FBI Has Not Translated Thousands Of Hours of Archived Terrorist TapesBy Eric Lichtblau
The New York Times -- WASHINGTON
Three years after the Sept. 11 attacks, more than 120,000 hours of potentially valuable terrorism-related recordings have not yet been translated by linguists at the FBI, and computer problems may have led the bureau to systematically erase some Qaida recordings, according to a declassified summary of a Justice Department investigation that was released Monday.
The report, released in edited form by Glenn A. Fine, the Justice Department’s inspector general, found that the FBI still did not have the capacity to translate all the terrorism-related material from wiretaps and other intelligence sources and that the influx of new material had outpaced the bureau’s resources.
Overhauling the government’s translation capabilities has been a top priority for the Bush administration in its campaign against terrorism. Qaida messages, saying “Tomorrow is zero hour” and “The match is about to begin,” were intercepted by the National Security Agency on Sept. 10, 2001, but not translated until days later, underscoring the urgency of the problem.
The inspector general’s report on the FBI, the lead agency for combating domestic terrorism, said the bureau faced “significant management challenges” in providing quick and accurate translations.
The report offered the most comprehensive assessment to date of the FBI’s ongoing problems in deciphering hundreds of thousands of intercepted phone calls, conversations, e-mail messages, documents and other material that could include information about terrorist plots and foreign intelligence matters.

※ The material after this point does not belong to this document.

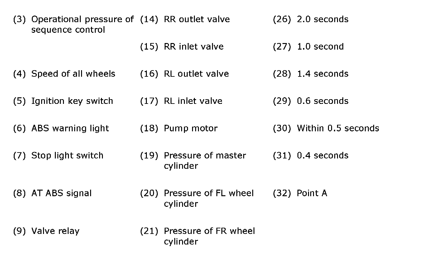 When the following conditions develop, the ABS sequence control stops and ABS operation is returned to the normal control mode.

It revealed problems not only in translating material quickly, but also in prioritizing the work and in ensuring that hundreds of newly hired linguists were providing accurate translations. While linguists are supposed to undergo periodic proficiency exams under FBI policy, that requirement was often ignored last year, the inspector general found in the publicly released summary of its investigation. Most of the report remains classified.
Congressional officials who have been briefed recently by the FBI on the translation issue said the report offered a much bleaker assessment than the bureau itself had acknowledged, and leading senators from both parties denounced what they described as foot-dragging in fixing the problem.
“What good is taping thousands of hours of conversations of intelligence targets in foreign languages if we cannot translate promptly, securely, accurately and efficiently?” asked Sen. Patrick J. Leahy of Vermont, the ranking Democrat on the judiciary committee. “The Justice Department’s translation mess has become a chronic problem that has obvious implications for our national security.”